Re: explicitly mapping pgs in OSDMap

"Kamble, Nitin A" <Nitin.Kamble@xxxxxxxxxxxx> · Thu, 2 Mar 2017 17:33:45 +0000

Hi Sage,
  The crush algorithm handles mapping of pgs, and it will even with the
addition of explicit mappings. I presume, finding which pgs belong to
which OSDs will involve addition computation for each additional
explicit mapping. 

What would be penalty of this additional computation? 

For small number of explicit mappings such penalty would be small, 
IMO it can get quite expensive with large number of explicit mappings.
The implementation will need to manage the count of explicit mappings,
by reverting some of the explicit mappings as the distribution changes.
The understanding of additional overhead of the explicit mappings would
had great influence on the implementation.

Nitin

On 3/1/17, 11:44 AM, "ceph-devel-owner@xxxxxxxxxxxxxxx on behalf of Sage Weil" <ceph-devel-owner@xxxxxxxxxxxxxxx on behalf of sweil@xxxxxxxxxx> wrote:

    There's been a longstanding desire to improve the balance of PGs and data 
    across OSDs to better utilize storage and balance workload.  We had a few 
    ideas about this in a meeting last week and I wrote up a summary/proposal 
    here:

    	http://pad.ceph.com/p/osdmap-explicit-mapping

    The basic idea is to have the ability to explicitly map individual PGs 
    to certain OSDs so that we can move PGs from overfull to underfull 
    devices.  The idea is that the mon or mgr would do this based on some 
    heuristics or policy and should result in a better distribution than teh 
    current osd weight adjustments we make now with reweight-by-utilization.

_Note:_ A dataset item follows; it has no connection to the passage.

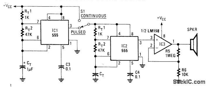 Using two NE555 timer IC devices, this circuit generates either pulsed or continuous ultrasonic signals. The sound frequency is:The values of CT for both pulse rate and ultrasonic frequencies can be calculated this way. SPKR is a small hi-ft tweeter.

    The other key property is that one reason why we need as many PGs as we do 
    now is to get a good balance; if we can remap some of them explicitly, we 
    can get a better balance with fewer.  In essense, CRUSH gives an 
    approximate distribution, and then we correct to make it perfect (or close 
    to it).

    The main challenge is less about figuring out when/how to remap PGs to 
    correct balance, but figuring out when to remove those remappings after 
    CRUSH map changes.  Some simple greedy strategies are obvious starting 
    points (e.g., to move PGs off OSD X, first adjust or remove existing remap 
    entries targetting OSD X before adding new ones), but there are a few 
    ways we could structure the remap entries themselves so that they 
    more gracefully disappear after a change.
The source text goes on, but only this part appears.